- [The task]: Find the word "Parque" in the records and copy every line where it occurs.

- [Supplied material]:
'''
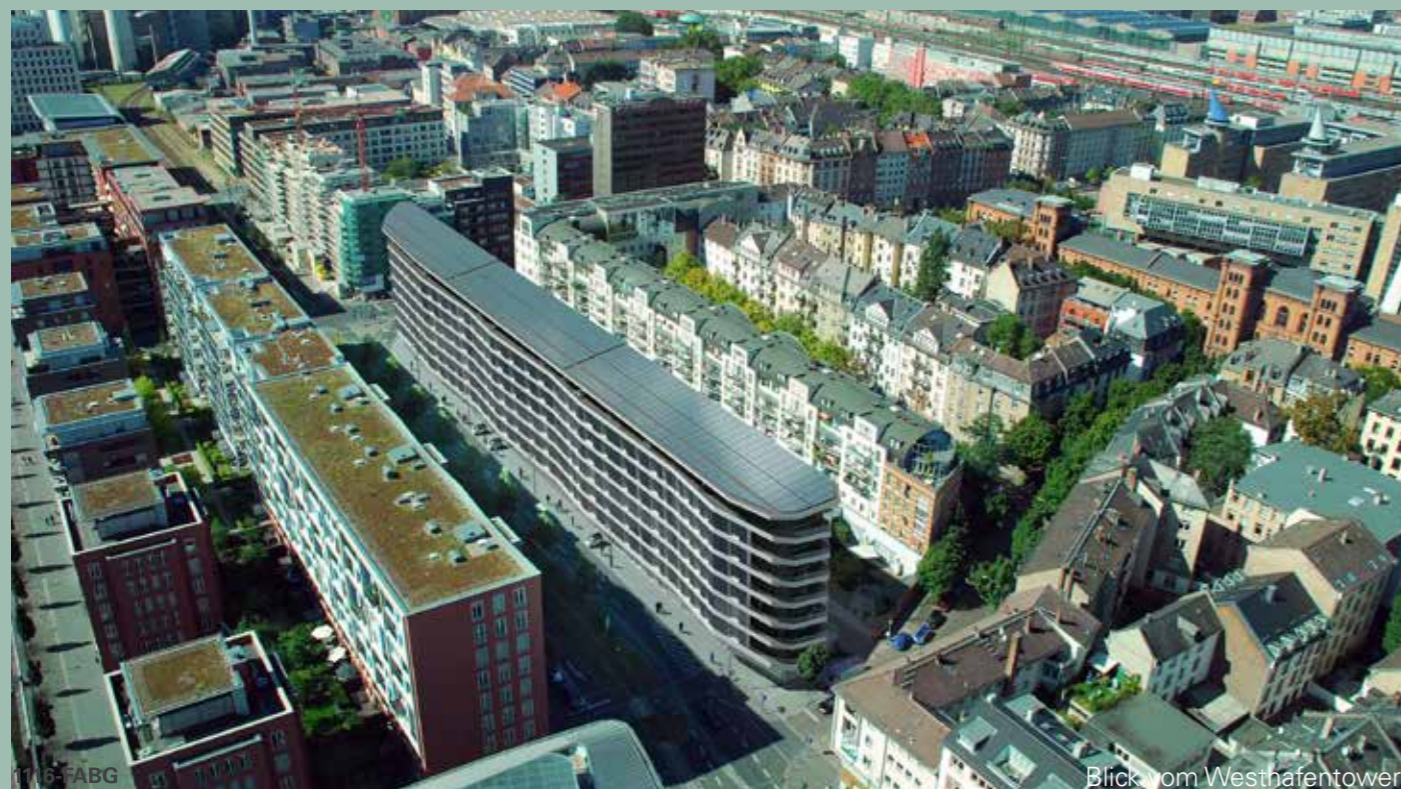
Blick vom Westhafentower
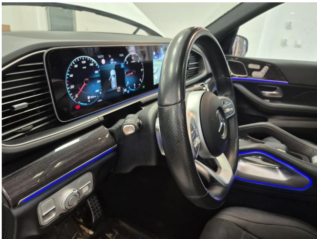
Fot. 23 Kierownica z lewej strony
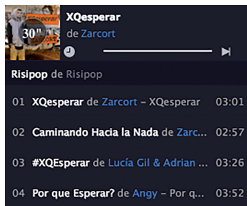
Imagen 1. Sección RisiPop.
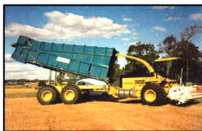
NH - FX finsnitter på CHAMPION ramme og transmission.
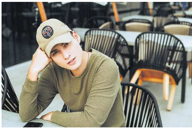
En su tiempo libre, el barranquillero disfruta ir al cine, visitar nuevos restaurantes y concentrarse en la formación de los talentos de su agencia de modelaje.
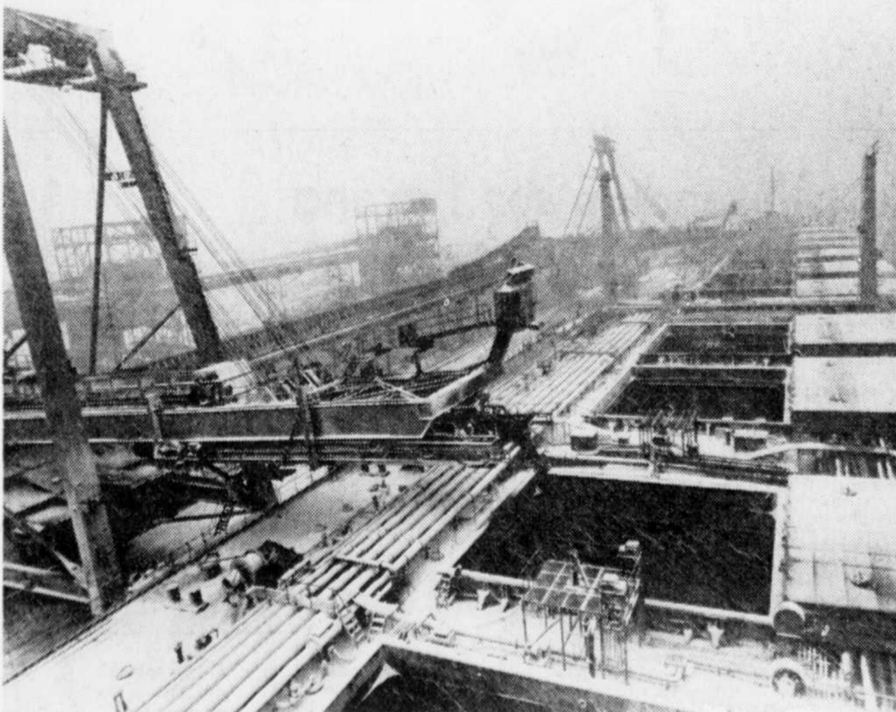
En pleine tempête de neige, les cales du navire se sont remplies de minerai de fer à raison de 15.000 tonnes l'heure.
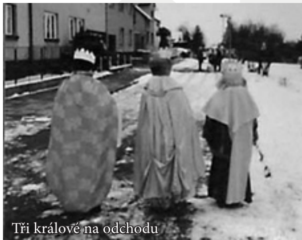
Tři králové na odchodu
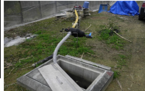
ろ過装置により かん水チューブの目詰まりを防止

現状はにがうり、ピーマンの経営だが、島内の民宿等から要望がある野菜は、新たな販路として期待される。
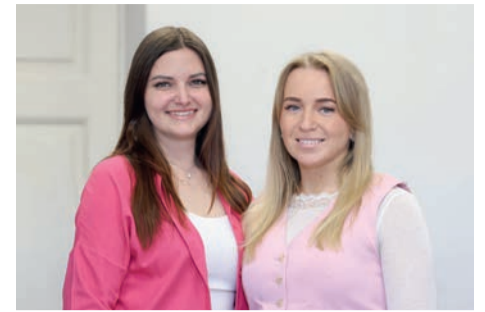
в акватории Невы как символ города Санкт-Петербурга.

— На наш взгляд, интересным проектом для закупки можно назвать проекторы с изображением Алых парусов, которые будут украшать стены Петропавловской крепости
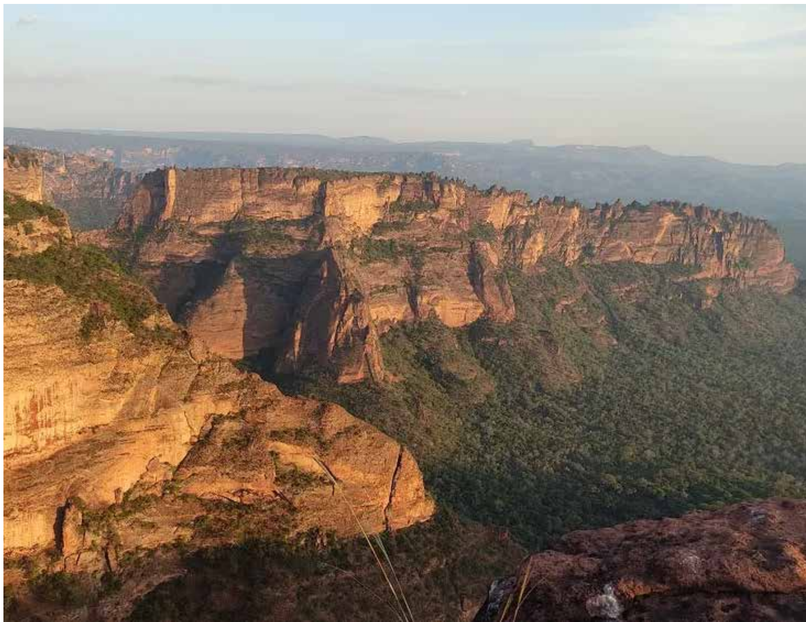
O Parque terá investimentos de cerca de R$ 218 milhões nos próximos 30 anos, entre infraestrutura e operações

Um dos parques nacionais mais procurados do país, tendo recebido 132 mil pessoas em 2022, o espaço é referência entre as unidades de conservação federais no Brasil. O Parque da Chapada dos Guimarães ocupa uma área natural de Cerrado, o segundo maior bioma brasileiro, e abriga nascentes de rios que formam o Pantanal.
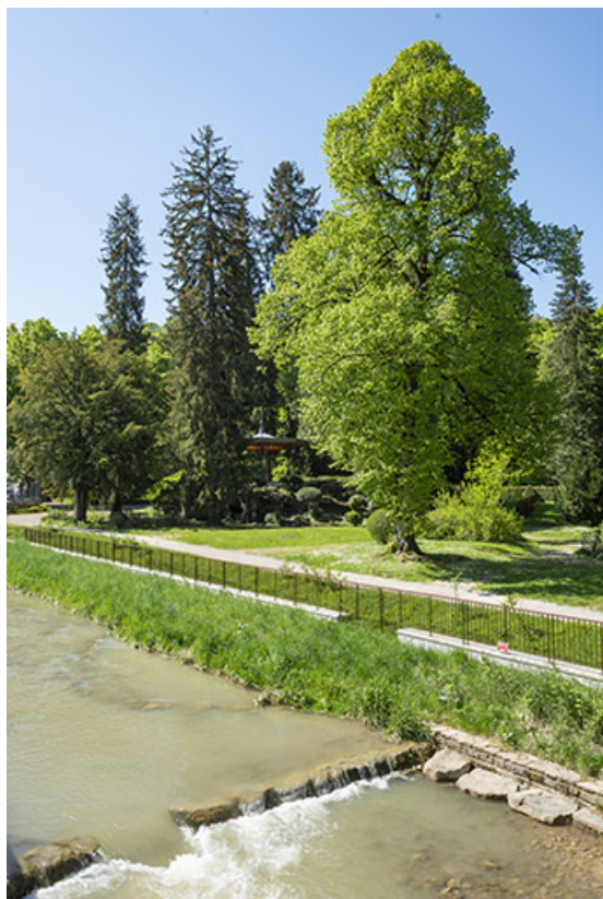
Berges de la Furieuse réaménagées en 2019.
'''
- [Output below]:
O Parque terá investimentos de cerca de R$ 218 milhões nos próximos 30 anos, entre infraestrutura e operações
Um dos parques nacionais mais procurados do país, tendo recebido 132 mil pessoas em 2022, o espaço é referência entre as unidades de conservação federais no Brasil. O Parque da Chapada dos Guimarães ocupa uma área natural de Cerrado, o segundo maior bioma brasileiro, e abriga nascentes de rios que formam o Pantanal.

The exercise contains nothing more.